Available records |
↓

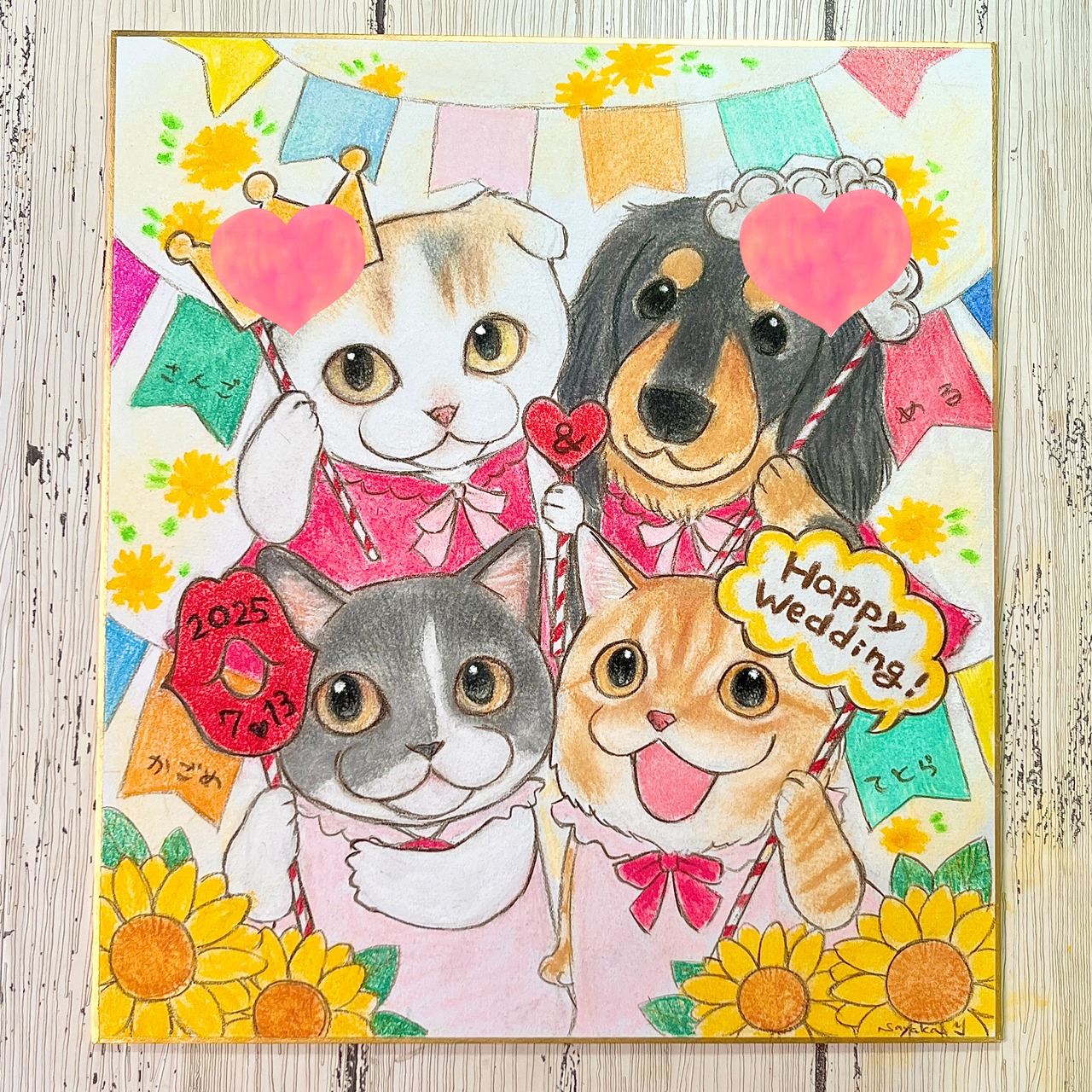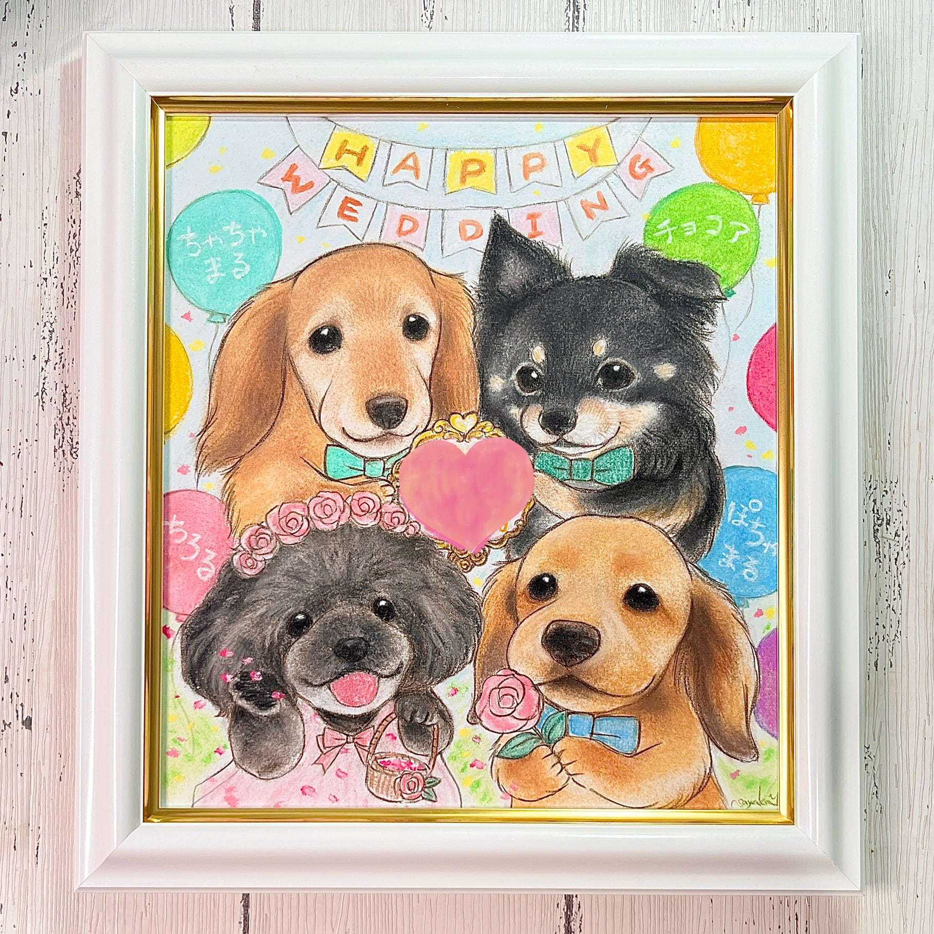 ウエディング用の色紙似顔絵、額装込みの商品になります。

↑
↓

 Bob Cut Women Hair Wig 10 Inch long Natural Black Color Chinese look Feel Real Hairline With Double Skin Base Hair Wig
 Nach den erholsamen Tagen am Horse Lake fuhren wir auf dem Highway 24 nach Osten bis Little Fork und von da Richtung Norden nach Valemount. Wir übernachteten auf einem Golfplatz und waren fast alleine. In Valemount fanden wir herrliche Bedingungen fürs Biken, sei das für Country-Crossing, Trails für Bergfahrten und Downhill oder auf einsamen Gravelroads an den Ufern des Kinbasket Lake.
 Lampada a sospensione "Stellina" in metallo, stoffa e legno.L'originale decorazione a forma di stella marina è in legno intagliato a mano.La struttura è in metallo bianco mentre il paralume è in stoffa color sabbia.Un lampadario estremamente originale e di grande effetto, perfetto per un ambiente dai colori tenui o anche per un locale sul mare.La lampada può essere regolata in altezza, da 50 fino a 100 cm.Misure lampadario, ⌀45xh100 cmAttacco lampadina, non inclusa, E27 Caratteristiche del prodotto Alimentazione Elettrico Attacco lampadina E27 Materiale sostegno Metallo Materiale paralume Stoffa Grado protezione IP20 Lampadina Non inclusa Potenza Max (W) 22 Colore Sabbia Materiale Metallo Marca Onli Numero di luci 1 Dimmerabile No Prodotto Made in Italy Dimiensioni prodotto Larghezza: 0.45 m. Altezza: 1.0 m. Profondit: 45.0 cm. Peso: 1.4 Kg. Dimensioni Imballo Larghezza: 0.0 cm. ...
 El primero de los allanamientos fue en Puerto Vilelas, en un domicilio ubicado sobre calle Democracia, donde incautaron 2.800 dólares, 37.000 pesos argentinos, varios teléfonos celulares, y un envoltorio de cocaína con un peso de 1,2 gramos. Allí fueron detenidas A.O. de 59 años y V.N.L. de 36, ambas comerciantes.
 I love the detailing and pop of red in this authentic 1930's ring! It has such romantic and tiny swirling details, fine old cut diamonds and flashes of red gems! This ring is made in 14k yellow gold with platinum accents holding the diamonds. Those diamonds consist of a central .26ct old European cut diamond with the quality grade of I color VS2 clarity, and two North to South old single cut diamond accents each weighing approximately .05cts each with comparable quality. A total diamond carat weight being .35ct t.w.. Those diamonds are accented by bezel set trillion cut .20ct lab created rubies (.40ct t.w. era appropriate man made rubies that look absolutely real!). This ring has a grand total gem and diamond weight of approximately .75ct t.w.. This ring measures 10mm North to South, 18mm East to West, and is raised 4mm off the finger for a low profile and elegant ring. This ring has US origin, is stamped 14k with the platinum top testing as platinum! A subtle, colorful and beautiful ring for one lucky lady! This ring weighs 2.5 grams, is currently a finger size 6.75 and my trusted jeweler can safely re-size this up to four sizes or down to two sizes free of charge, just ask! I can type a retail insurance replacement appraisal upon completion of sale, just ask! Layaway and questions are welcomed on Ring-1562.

↑

Exercise prompt | In the data above, start at the line that has "Bob Cut Women", stop after the line that has "Nach den erholsamen", and print every line in between exactly as it stands.

Written answer |
 Bob Cut Women Hair Wig 10 Inch long Natural Black Color Chinese look Feel Real Hairline With Double Skin Base Hair Wig
 Nach den erholsamen Tagen am Horse Lake fuhren wir auf dem Highway 24 nach Osten bis Little Fork und von da Richtung Norden nach Valemount. Wir übernachteten auf einem Golfplatz und waren fast alleine. In Valemount fanden wir herrliche Bedingungen fürs Biken, sei das für Country-Crossing, Trails für Bergfahrten und Downhill oder auf einsamen Gravelroads an den Ufern des Kinbasket Lake.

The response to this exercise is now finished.